BACKGROUND: The prognostic role of epidermal growth factor receptor (EGFR) mutations in patients with lung adenocarcinomas remains controversial and the association between EGFR mutations and stage at the time of the initial diagnosis is debatable. In this study, we evaluated the association of EGFR mutations with stage at diagnosis in lung adenocarcinomas.

MATERIALS AND METHODS: We retrospectively analyzed 1004 consecutive patients who were diagnosed with lung adenocarcinomas and tested for EGFR mutations between June 2011 and December 2014.

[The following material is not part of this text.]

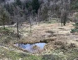 The mountainous terrain safeguards diverse reptile habitats, including the elusive asps viper, a species rarely found within the canton of Aargau.[17] On the northern slope of the Grund mountain range, a wetland has been established within a section of the former "Eriwis" opalinuston pit near Schinznach train station. This area, once exploited by Zurich Brickworks (Zürcher Ziegeleien) until 1998, holds the distinction of being one of the nationally significant amphibian spawning grounds.[18] Designated as a cantonal nature reserve in 2021, this 15-hectare site has been under the stewardship of BirdLife Aargau and the Eriwis Nature Workshop since 2015, with the latter managing the area since 2006.[19][20] The reserve and its surroundings have many types of birds, various amphibians like grass frogs, midwife toads, and common toads, and around 25 types of dragonflies. A comprehensive study by ETH Zurich has documented around 100 wild bee species within the reserve and its immediate vicinity.[21][22][23] Furthermore, diverse orchid species thrive within the dry meadow segments of Eriwis.

RESULTS: EGFR mutations were detected in 49.2% of 1004 patients with lung adenocarcinomas. In multivariable analysis, EGFR mutations were significantly associated with early stage disease (stage I to II) at diagnosis (odds ratio [OR], 0.65; 95% confidence interval [CI], 0.49-0.87; P = 0.003). When adjusted for age, sex, smoking status, and screening, the adjusted proportion of EGFR mutations significantly decreased according to stage. The adjusted proportions of EGFR mutations were 57.6% (95% CI, 51.7%-63.3%) for stage I, 47.9% (95% CI, 36.9%-59.0%) for stage II, 47.5% (95% CI, 39.6%-55.5%) for stage III, and 43.4% (95% CI, 38.3%-48.6%) for stage IV (P = 0.0082).

CONCLUSIONS: The presence of EGFR mutations is significantly associated with early stage disease at initial diagnosis in lung adenocarcinomas after adjusting for age, sex, smoking status, and screening. This finding implies that EGFR mutations may play a role as a positive prognostic marker.